Do you even know what the fuck you are talking about? 

You just admitted that your own argument is based on a fallacy.

No ability is limitless, it's just that the limits are ridiculously high.



Raigen said:


> Yes, Superman took PC-Darkseid's OE and didn't vanish. You know why? *Plot-Protection. *DC made Superman a "Necessary figure in the universe" which makes him impervious to the OE's erasure. This isn't DC and Z's power isn't so lame that being 'important' is gonna protect Superman from being killed by it.



Suspense of Disbelief.

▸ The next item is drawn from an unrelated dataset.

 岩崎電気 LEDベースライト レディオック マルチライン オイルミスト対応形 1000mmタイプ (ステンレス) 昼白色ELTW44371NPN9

Or in other words, using outside of universe terms/breaking the 4th wall while discussing fiction is a noobinsh thing. Might as well say "Z wins cuz I can write his fight against Supes and make him win"



Raigen said:


> No. The reason is different; Tenchi is the effing Avatar of the *ONE ABOVE ALL*, aka *Kami-Tenchi*. Superman is not the Avatar of anything. He's just wanked by the writers and nothing more. The Power of the LHW is the Power of *The Almighty* (Kami-Tenchi). Trying to kill Kami-Tenchi, or his Avatar, with what is effectively his own power, is just retarded. Lina Inverse said it best; "It's like saying 'Hey you! Can you help me kill you?'"
> 
> 
> 
> ...



So wait, Z can beat anyone but omnipotents right?


----------



## Rice Ball (May 13, 2009)

Phenom redux.


----------



## Aokiji (May 13, 2009)

You're flamebaiting/spamming Ricey. I might have to report you.


----------



## Ultimate Deathsaurer (May 13, 2009)

Raigen said:


> You have no point. The Chousin are Multiversal. They can do whatever the hell they want.

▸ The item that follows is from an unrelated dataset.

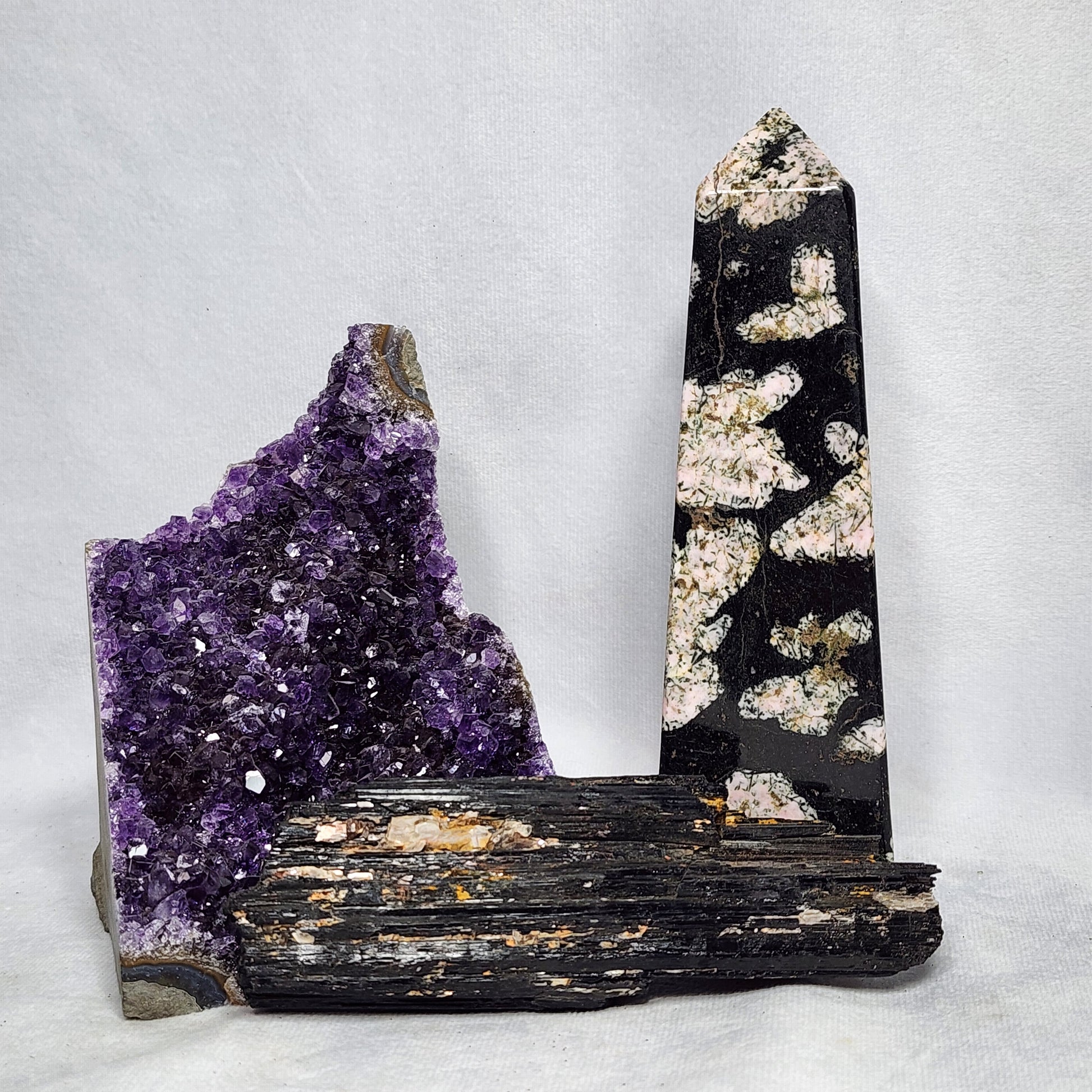 This particular raw specimen is just gorgeous with its shimmery crystals and jet black color! Black Tourmaline looks fascinating next to our Amethyst or Obsidian Towers!

I'll humor you, this time... You do know what erasing from history means right? If not I'll explain. It means you are completely removed, memories and all, from what has happened. You are gone, no one remembers you ever existed. Not what happened!

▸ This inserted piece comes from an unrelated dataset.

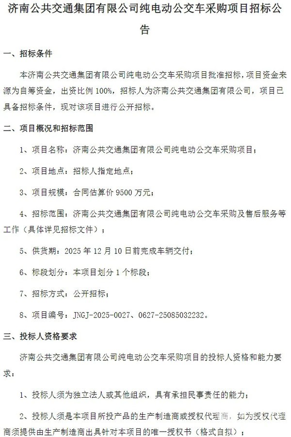 - 山东省滨州公共汽车有限公司2025年新能源纯电动公交车采购公开招标公告

> Kami-Tenchi is *THE ONE ABOVE ALL*.


Yes I know he is omnipotent...



> He created the Chousin and the LHW.


Probably, but never clarified.



> The Counteractor was created as a byproduct of the Chousin's experiments which can specifically hinder the Chousin's power.


Cool.



> The Chousin can also create as many LHW as they want


I know...



> but don't use more than 10 in any one dimension because it'd shatter the universe


Nice!

None of this changes the fact that all of them can overpower LHWs without LHWs which you said (guess what) no one can do. This is why it is a no limits fallacy. Get it?



> Z was more like Tokimi's Avatar, so she could destroy him easy. He only stated that doing so would destroy the Universe as a result, and at the time with Tenchi's LHW down, Tenchi would die and Z would still get what he wanted.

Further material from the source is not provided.